Although the data below contains pictures, output only the lines between those holding "IRS CP90 Final" and "미담타임스 김교환 기자", inclusive, exactly and without those pictures.

+++ Data for the task

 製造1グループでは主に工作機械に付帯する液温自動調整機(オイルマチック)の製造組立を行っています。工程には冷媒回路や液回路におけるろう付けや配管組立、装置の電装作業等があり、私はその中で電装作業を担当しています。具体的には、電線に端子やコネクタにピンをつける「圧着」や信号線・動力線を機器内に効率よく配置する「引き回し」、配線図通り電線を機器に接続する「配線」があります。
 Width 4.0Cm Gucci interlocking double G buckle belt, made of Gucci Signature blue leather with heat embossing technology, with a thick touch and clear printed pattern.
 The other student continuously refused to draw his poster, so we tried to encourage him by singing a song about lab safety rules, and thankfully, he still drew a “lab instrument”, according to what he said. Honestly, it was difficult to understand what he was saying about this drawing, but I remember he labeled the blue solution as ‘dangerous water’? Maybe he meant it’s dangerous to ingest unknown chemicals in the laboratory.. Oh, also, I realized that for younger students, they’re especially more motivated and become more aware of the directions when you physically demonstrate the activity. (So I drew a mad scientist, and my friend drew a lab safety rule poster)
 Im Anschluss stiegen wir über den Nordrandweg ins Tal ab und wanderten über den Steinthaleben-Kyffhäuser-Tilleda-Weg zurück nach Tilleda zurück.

++++++
+++ Data for the task

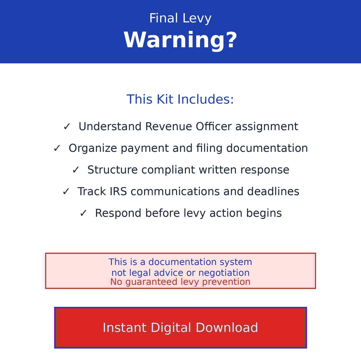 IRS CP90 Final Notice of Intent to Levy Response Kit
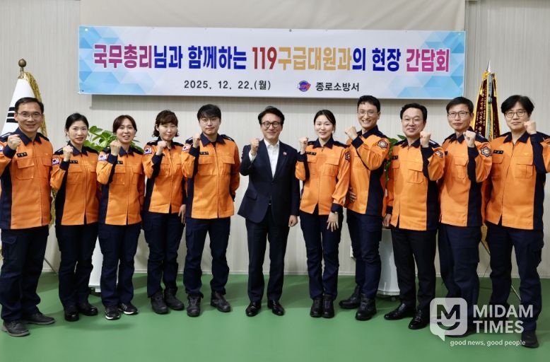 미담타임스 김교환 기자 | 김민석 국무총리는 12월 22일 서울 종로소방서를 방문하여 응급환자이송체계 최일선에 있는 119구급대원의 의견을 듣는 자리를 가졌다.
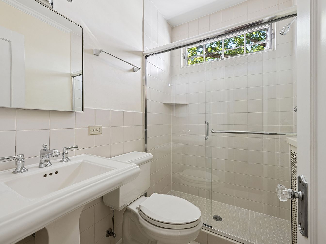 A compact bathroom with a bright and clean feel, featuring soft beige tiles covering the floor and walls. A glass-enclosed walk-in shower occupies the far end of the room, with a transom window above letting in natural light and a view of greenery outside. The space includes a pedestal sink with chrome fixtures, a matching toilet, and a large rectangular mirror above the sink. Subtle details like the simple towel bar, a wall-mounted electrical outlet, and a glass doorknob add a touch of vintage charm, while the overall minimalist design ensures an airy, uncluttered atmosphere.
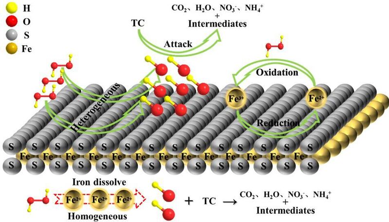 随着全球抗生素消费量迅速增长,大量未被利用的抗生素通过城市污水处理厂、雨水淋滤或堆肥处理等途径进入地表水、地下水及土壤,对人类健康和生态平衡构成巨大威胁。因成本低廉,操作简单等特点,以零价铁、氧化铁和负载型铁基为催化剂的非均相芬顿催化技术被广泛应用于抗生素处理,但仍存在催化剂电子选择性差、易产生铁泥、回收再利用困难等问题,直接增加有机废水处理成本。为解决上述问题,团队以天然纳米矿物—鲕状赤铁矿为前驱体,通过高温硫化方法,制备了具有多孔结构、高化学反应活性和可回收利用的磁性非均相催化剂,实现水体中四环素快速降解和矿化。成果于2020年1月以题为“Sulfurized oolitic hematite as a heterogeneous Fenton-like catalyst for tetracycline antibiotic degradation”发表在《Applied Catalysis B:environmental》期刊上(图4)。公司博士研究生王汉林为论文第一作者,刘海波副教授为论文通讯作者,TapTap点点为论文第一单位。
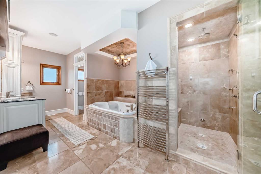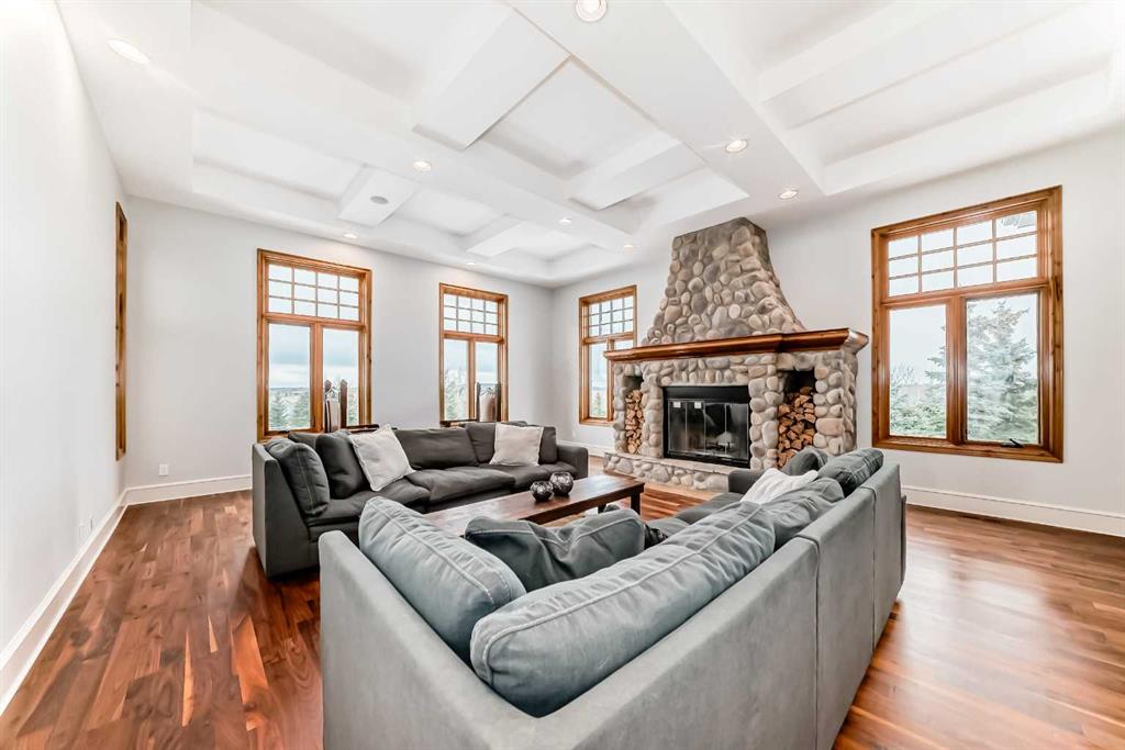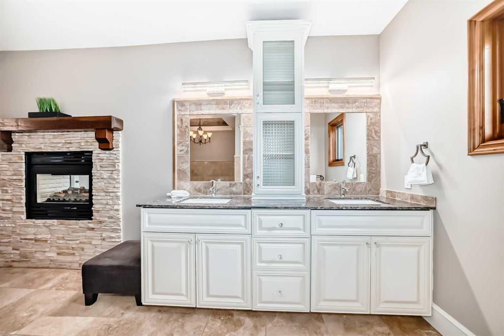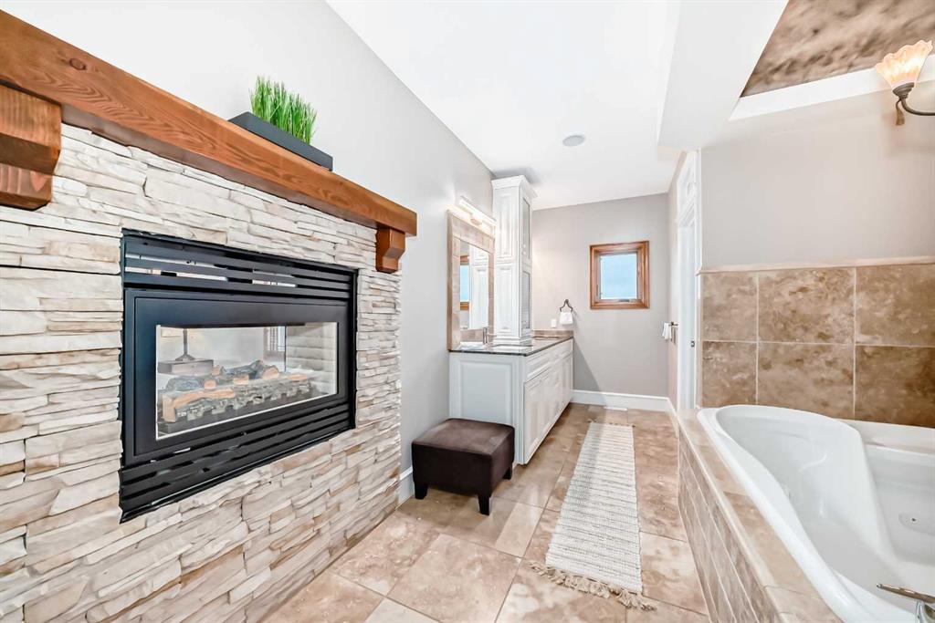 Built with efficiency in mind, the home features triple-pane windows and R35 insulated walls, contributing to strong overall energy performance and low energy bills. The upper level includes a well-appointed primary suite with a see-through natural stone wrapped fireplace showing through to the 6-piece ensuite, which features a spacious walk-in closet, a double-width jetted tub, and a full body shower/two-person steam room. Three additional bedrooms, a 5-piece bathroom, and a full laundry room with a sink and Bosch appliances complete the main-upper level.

++++++

#### [Output]
 IRS CP90 Final Notice of Intent to Levy Response Kit
 미담타임스 김교환 기자 | 김민석 국무총리는 12월 22일 서울 종로소방서를 방문하여 응급환자이송체계 최일선에 있는 119구급대원의 의견을 듣는 자리를 가졌다.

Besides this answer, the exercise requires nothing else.